Excerpted data: Begin
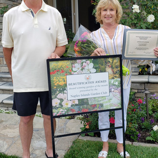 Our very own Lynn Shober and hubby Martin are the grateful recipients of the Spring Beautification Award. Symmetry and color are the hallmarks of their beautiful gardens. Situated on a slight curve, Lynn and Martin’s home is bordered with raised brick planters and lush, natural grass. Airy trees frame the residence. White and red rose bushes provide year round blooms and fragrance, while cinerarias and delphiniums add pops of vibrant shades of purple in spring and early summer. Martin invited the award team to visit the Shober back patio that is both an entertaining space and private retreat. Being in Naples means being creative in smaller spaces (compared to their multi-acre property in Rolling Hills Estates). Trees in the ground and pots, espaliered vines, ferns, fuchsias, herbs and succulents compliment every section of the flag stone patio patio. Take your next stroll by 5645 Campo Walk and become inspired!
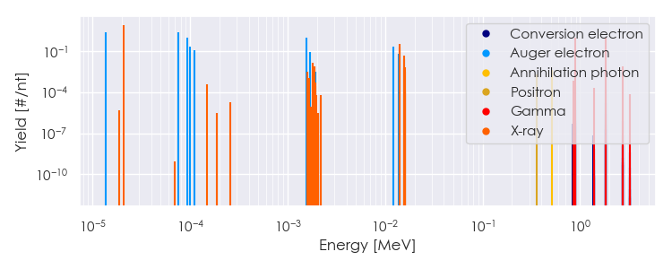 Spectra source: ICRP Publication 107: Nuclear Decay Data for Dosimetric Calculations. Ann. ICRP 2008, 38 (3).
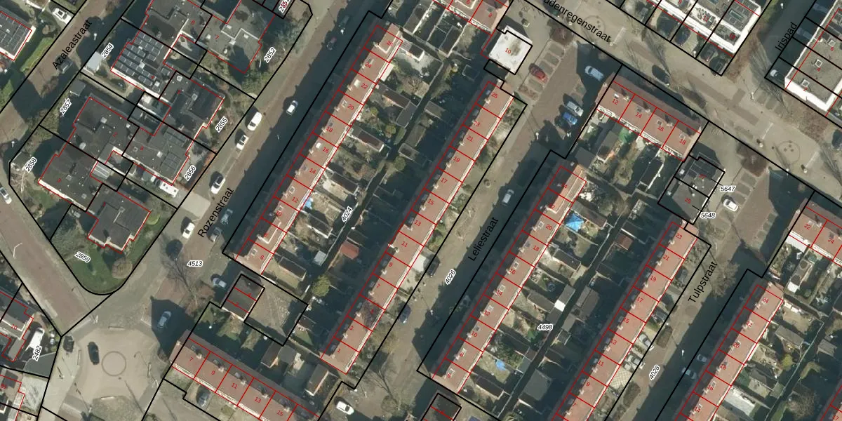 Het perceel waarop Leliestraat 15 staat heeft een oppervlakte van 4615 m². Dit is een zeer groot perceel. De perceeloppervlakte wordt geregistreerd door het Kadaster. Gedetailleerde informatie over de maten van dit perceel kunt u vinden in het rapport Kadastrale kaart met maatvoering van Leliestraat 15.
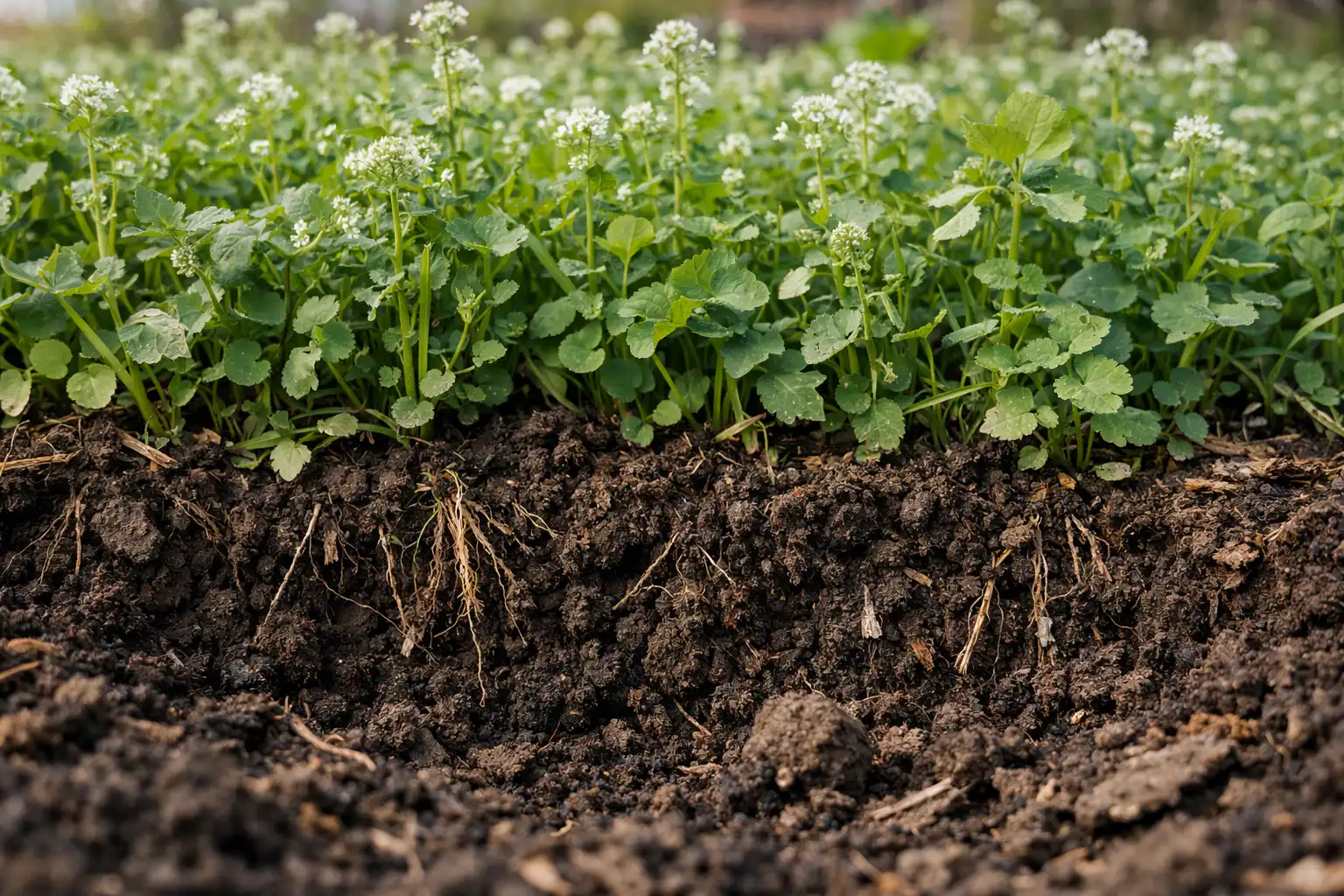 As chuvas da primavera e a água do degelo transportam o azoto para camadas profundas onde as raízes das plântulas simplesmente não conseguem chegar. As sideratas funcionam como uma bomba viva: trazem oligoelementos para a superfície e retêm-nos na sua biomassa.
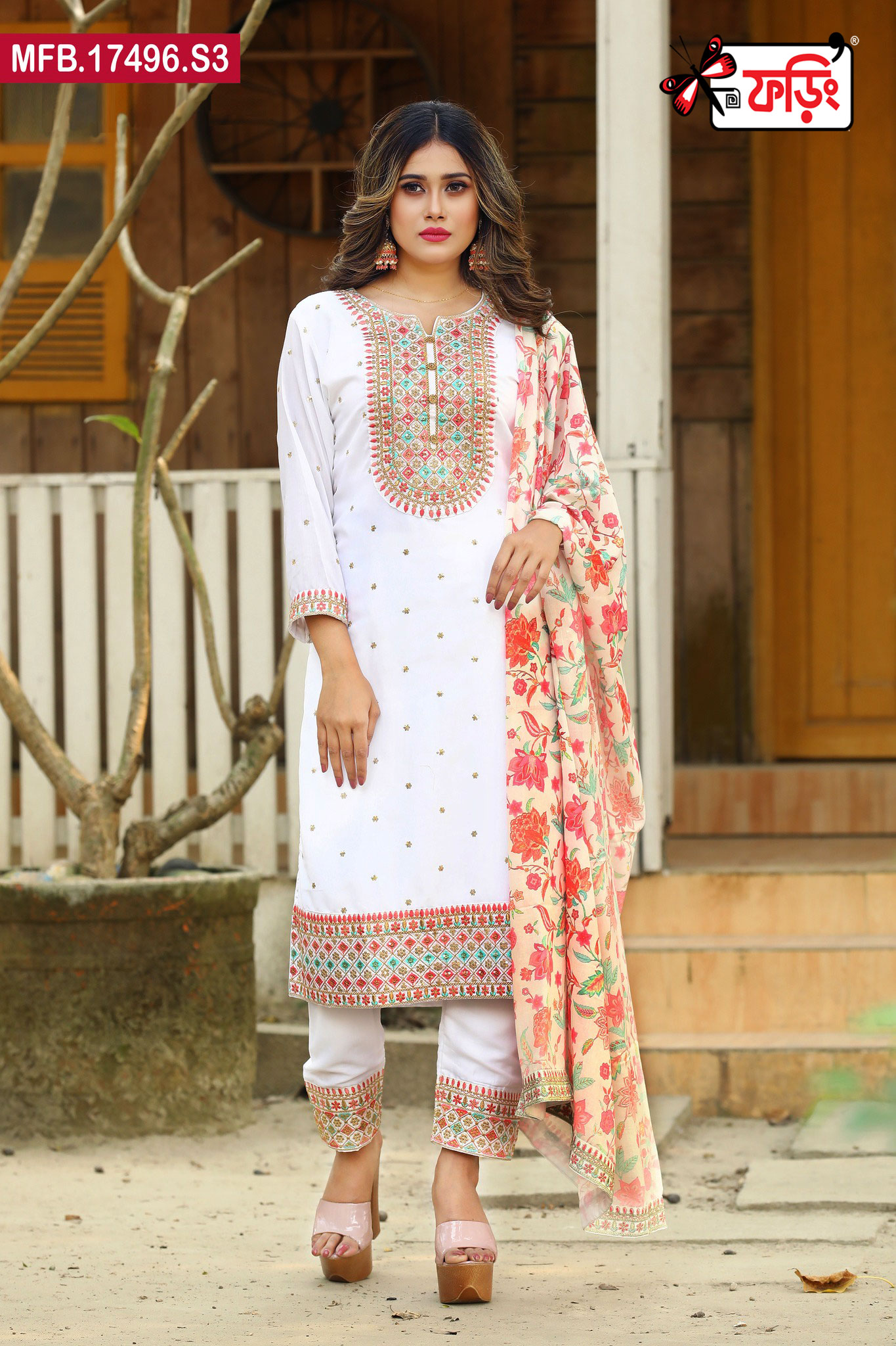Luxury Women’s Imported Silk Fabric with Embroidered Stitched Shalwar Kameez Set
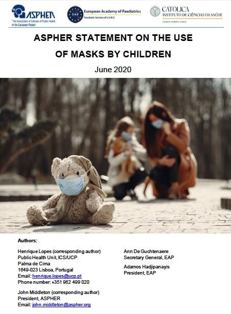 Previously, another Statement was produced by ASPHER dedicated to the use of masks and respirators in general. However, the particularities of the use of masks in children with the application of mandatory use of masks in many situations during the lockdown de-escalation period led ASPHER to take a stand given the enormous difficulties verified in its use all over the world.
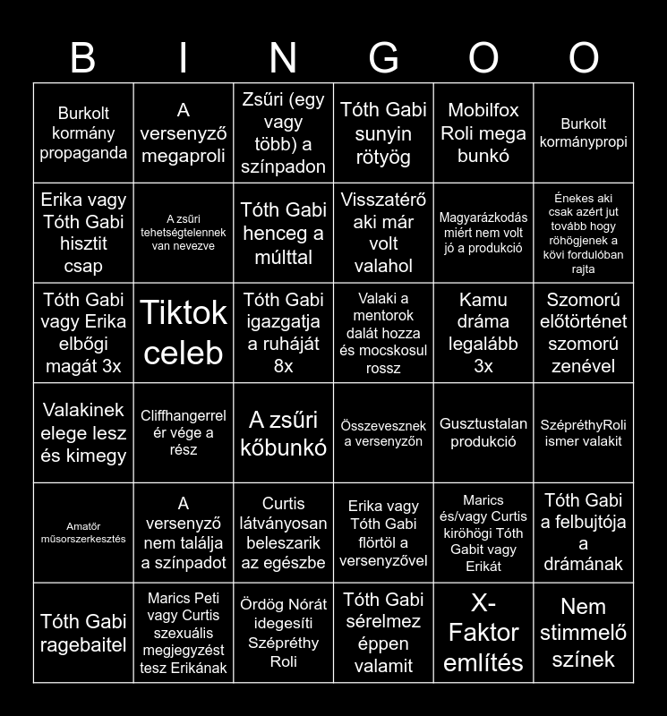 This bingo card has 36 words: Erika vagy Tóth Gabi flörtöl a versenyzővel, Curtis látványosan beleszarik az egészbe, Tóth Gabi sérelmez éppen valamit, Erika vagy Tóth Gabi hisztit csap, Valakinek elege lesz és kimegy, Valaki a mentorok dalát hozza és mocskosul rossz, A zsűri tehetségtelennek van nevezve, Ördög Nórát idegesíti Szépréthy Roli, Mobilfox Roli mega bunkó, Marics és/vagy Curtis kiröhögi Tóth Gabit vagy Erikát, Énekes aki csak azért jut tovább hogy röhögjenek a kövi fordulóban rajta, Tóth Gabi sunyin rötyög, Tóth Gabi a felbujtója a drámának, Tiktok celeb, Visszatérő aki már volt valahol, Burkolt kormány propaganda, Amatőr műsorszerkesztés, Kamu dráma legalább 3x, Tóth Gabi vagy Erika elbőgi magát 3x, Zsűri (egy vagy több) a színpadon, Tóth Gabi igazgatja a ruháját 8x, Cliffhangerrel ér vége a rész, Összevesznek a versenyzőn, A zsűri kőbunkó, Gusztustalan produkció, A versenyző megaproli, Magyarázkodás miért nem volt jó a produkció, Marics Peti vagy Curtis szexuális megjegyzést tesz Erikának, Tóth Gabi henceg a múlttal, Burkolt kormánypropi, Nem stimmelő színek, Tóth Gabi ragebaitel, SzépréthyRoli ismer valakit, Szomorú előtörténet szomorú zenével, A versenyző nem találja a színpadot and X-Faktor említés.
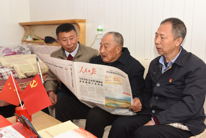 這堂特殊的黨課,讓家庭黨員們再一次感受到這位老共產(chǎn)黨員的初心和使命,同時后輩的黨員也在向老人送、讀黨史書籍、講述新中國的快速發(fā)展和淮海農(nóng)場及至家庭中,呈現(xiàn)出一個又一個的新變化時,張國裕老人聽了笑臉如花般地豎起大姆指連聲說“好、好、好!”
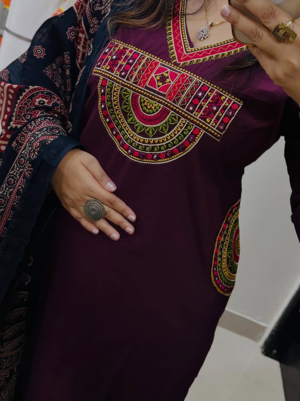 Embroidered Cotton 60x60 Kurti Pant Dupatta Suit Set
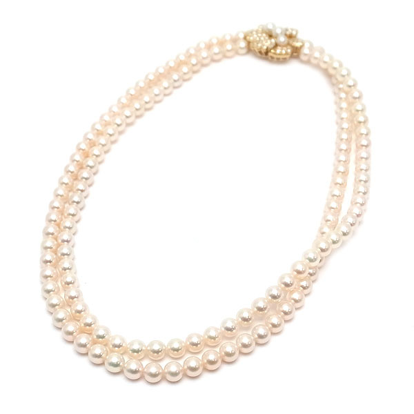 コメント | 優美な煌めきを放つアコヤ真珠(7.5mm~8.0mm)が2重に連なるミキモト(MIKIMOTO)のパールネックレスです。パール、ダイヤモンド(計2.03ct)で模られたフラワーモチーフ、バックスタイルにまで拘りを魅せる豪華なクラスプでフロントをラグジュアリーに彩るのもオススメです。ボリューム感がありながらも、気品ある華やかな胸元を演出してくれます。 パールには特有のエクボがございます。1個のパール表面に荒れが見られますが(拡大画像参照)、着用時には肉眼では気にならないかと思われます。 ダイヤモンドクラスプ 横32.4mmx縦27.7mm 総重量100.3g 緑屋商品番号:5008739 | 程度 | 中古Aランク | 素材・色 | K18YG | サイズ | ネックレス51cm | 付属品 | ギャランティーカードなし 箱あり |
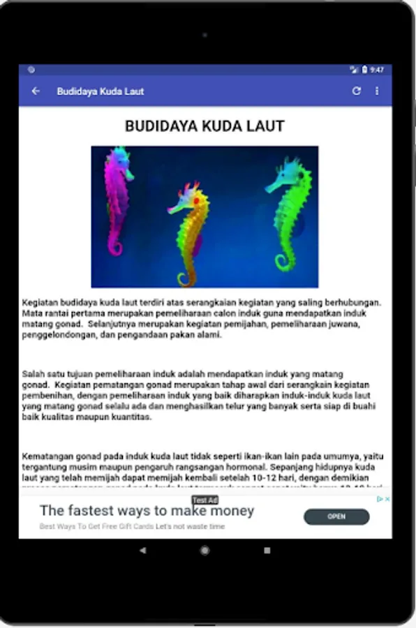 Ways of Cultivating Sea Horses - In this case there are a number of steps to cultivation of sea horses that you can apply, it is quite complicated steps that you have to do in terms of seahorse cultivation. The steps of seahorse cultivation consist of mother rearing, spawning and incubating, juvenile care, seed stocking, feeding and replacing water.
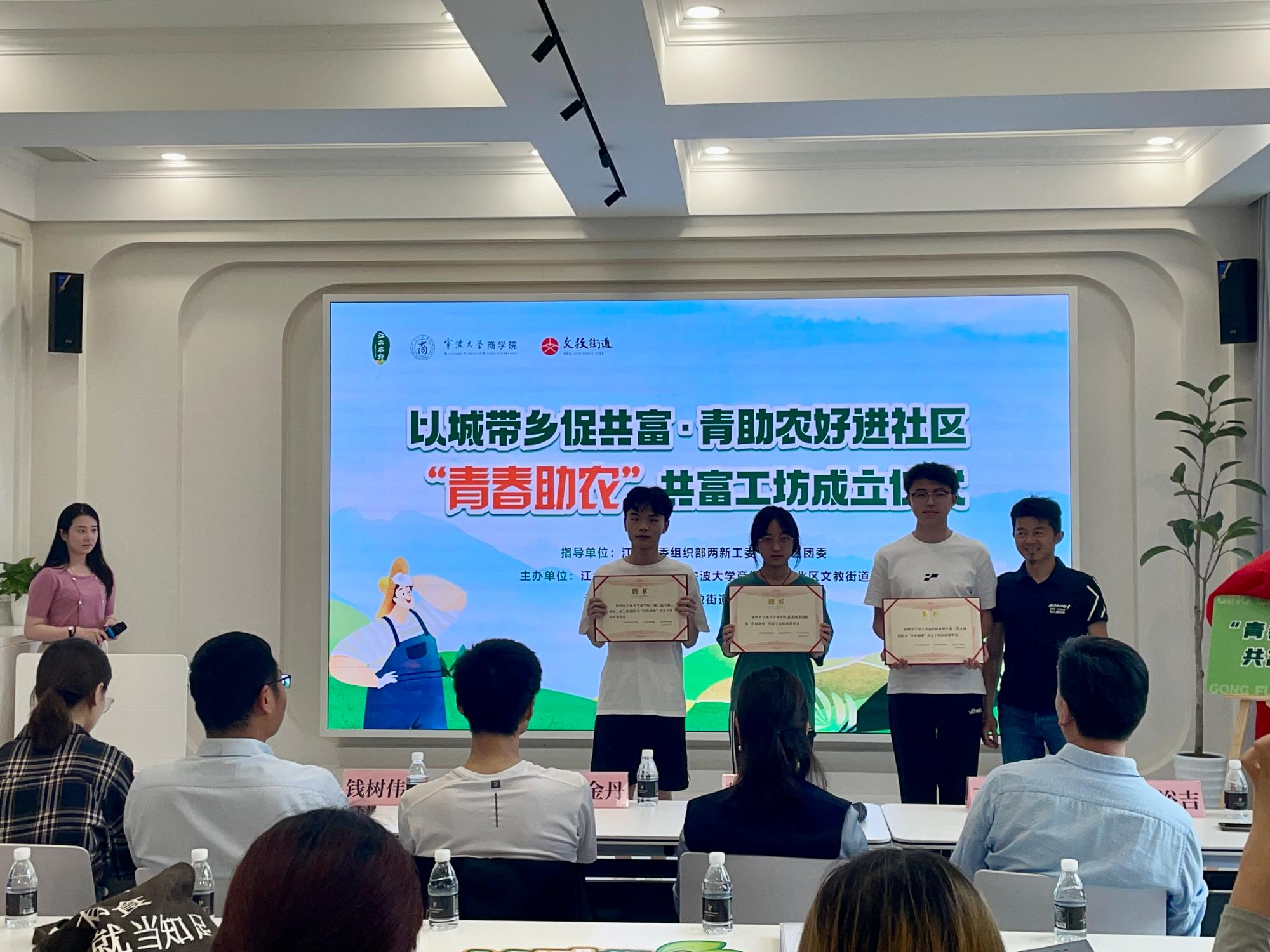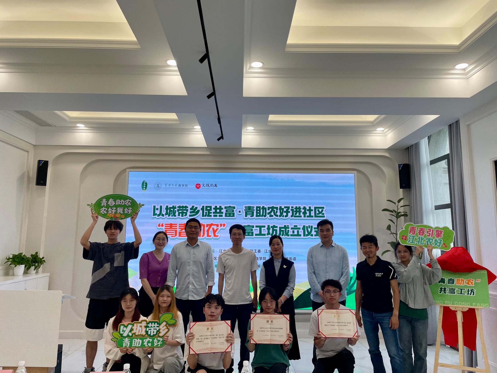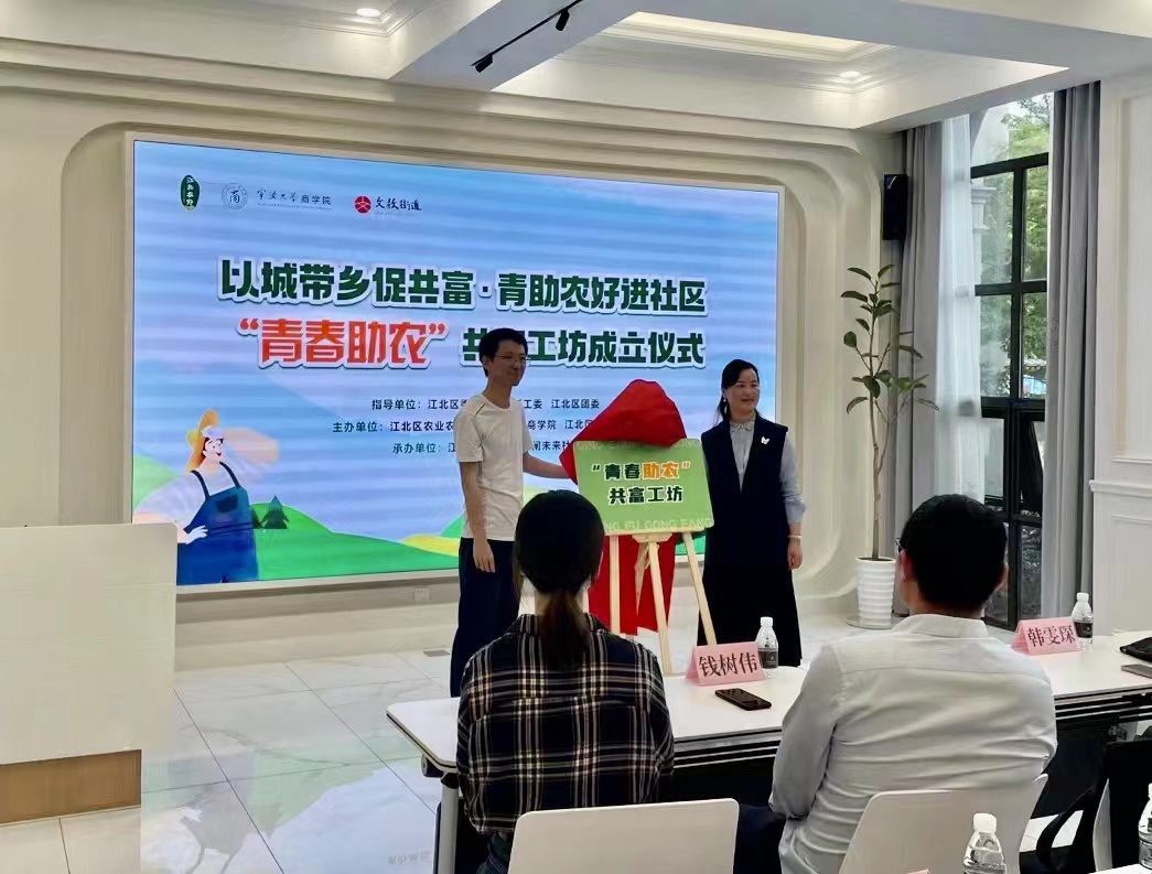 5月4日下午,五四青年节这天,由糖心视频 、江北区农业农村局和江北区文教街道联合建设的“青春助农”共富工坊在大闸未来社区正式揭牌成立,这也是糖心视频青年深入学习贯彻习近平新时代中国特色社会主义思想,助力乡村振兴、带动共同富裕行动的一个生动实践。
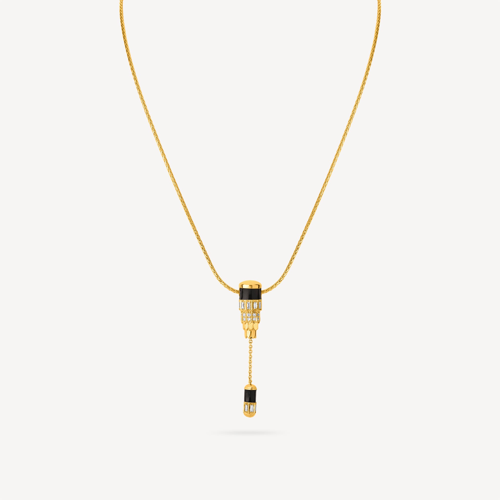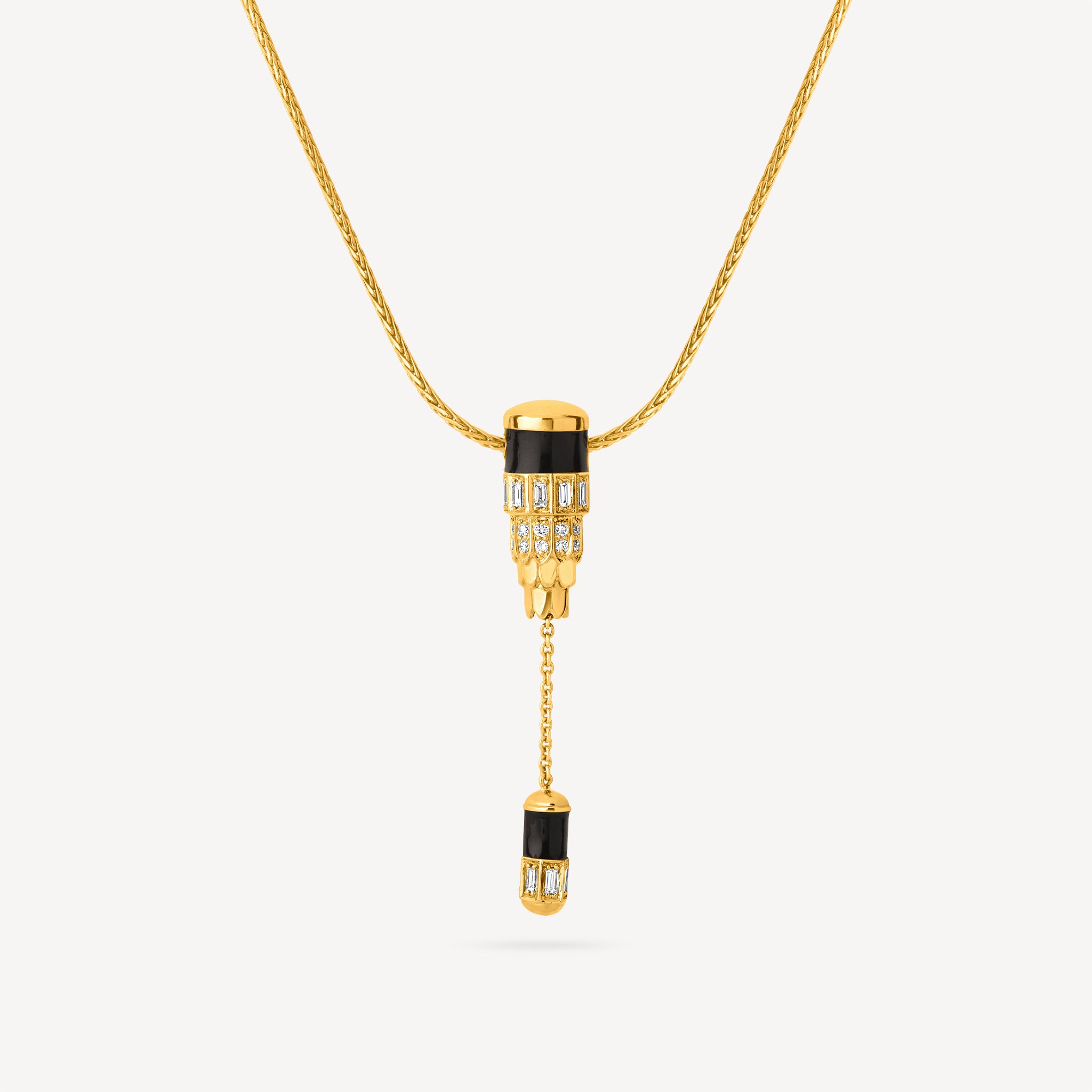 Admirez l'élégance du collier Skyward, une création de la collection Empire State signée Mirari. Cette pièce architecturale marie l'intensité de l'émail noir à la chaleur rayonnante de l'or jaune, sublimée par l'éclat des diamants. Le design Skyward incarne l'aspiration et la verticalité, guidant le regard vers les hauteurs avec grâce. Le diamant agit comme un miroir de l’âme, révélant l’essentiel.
Excerpted data: End
▶ **Task**: Word for word, retype the lines in the entries above that run from the one with "Spectra source: ICRP" through the one with "Previously, another Statement". Both ends count; pictures do not.

▶ **Result**:
 Spectra source: ICRP Publication 107: Nuclear Decay Data for Dosimetric Calculations. Ann. ICRP 2008, 38 (3).
 Het perceel waarop Leliestraat 15 staat heeft een oppervlakte van 4615 m². Dit is een zeer groot perceel. De perceeloppervlakte wordt geregistreerd door het Kadaster. Gedetailleerde informatie over de maten van dit perceel kunt u vinden in het rapport Kadastrale kaart met maatvoering van Leliestraat 15.
 As chuvas da primavera e a água do degelo transportam o azoto para camadas profundas onde as raízes das plântulas simplesmente não conseguem chegar. As sideratas funcionam como uma bomba viva: trazem oligoelementos para a superfície e retêm-nos na sua biomassa.
Luxury Women’s Imported Silk Fabric with Embroidered Stitched Shalwar Kameez Set
 Previously, another Statement was produced by ASPHER dedicated to the use of masks and respirators in general. However, the particularities of the use of masks in children with the application of mandatory use of masks in many situations during the lockdown de-escalation period led ASPHER to take a stand given the enormous difficulties verified in its use all over the world.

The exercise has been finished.